Tested-by: Chegu Vinod <chegu_vinod@xxxxxx>

---

Hi Rik,

Applied your RFC patches along with the patch : https://lkml.org/lkml/2014/10/9/604
on a 3.17.0 kernel on ran a quick test on two platforms with different NUMA topologies:

1) 8 socket Westmere-EX system (HT-off)
2) 8 socket IvyBridge-EX prototype system (HT-on)

On both these system ran 4 instances of a 2-socket wide SpecJbb2005 workload and
then ran 2 instances of a 4-socket wide SpecJbb2005 workload. Repeated the
experiment 10 times.

Having these patches enabled the desired NUMA nodes to selected for both sized
workloads on both these systems...which is quite an encouraging sign !

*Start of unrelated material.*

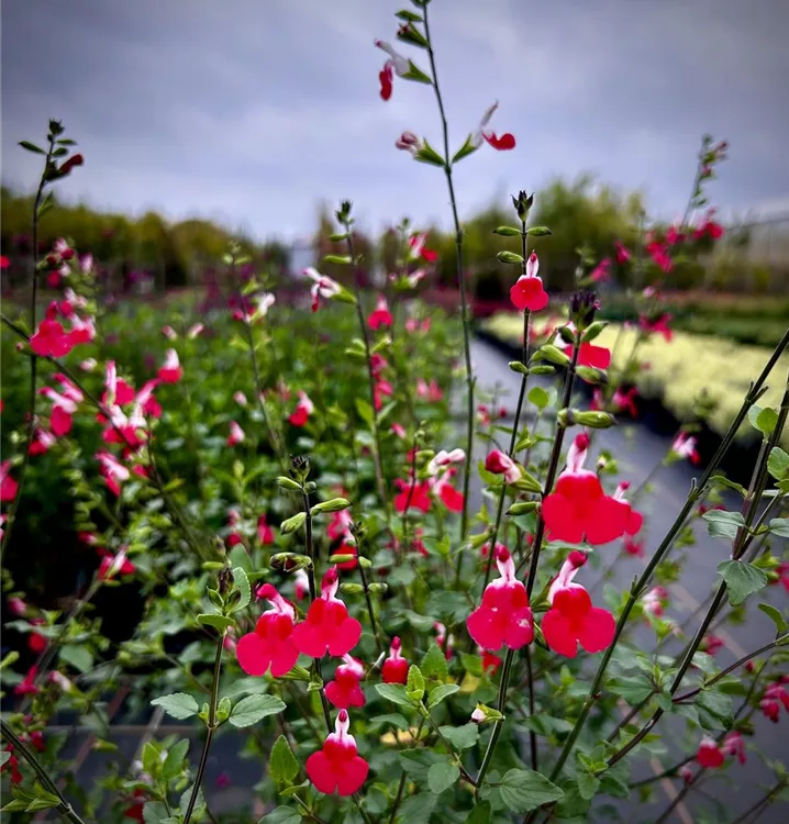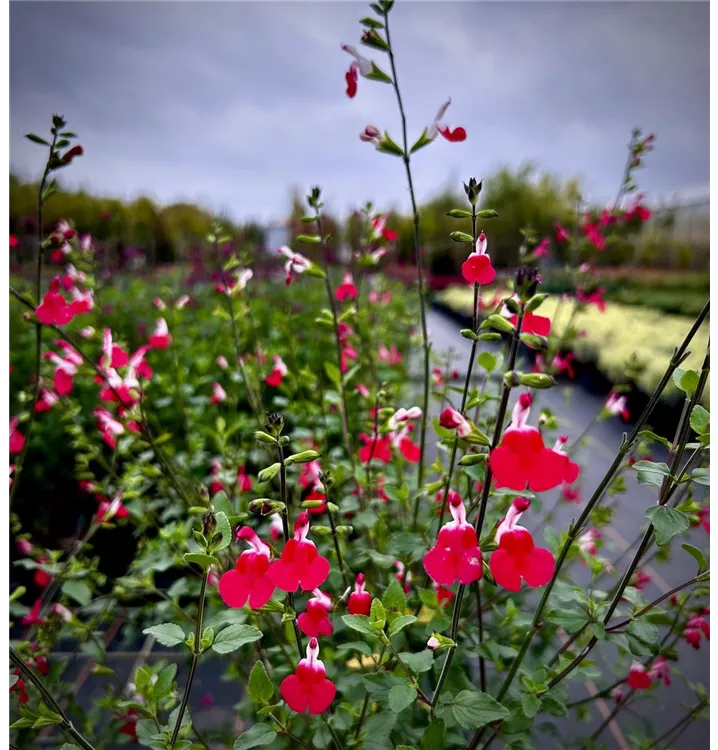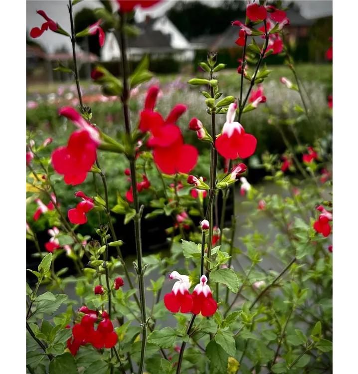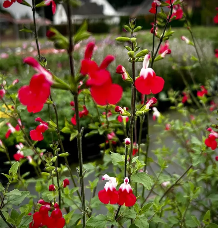Der Strauch-Salbei 'Hot Lips' (Salvia greggii) ist eine aufrechte immergrüne Staude, die von Juli bis Oktober scharlachrote Blüten mit einem angenehmen Duft bildet. An einem sonnigen, windgeschützten Standort mit durchlässigem, humosem, lockerem, sandigem Boden erreicht er gewöhnlich eine Höhe von ca. 60 cm und wird ca. 40 cm breit.

Pl. see below a sampling of memory consumed by the java processes (as reported
by numastat captured 120 seconds into each of the runs).

Thanks
Vinod

---


1) 8 socket Westmere-EX system with the following SLIT table :


node distances:
node 0 1 2 3 4 5 6 7
0: 10 12 17 17 19 19 19 19
1: 12 10 17 17 19 19 19 19
2: 17 17 10 12 19 19 19 19
3: 17 17 12 10 19 19 19 19
4: 19 19 19 19 10 12 17 17
5: 19 19 19 19 12 10 17 17
6: 19 19 19 19 17 17 10 12
7: 19 19 19 19 17 17 12 10

1a) 4 x 2 socket wide instances (each instance has 20 warehouse threads)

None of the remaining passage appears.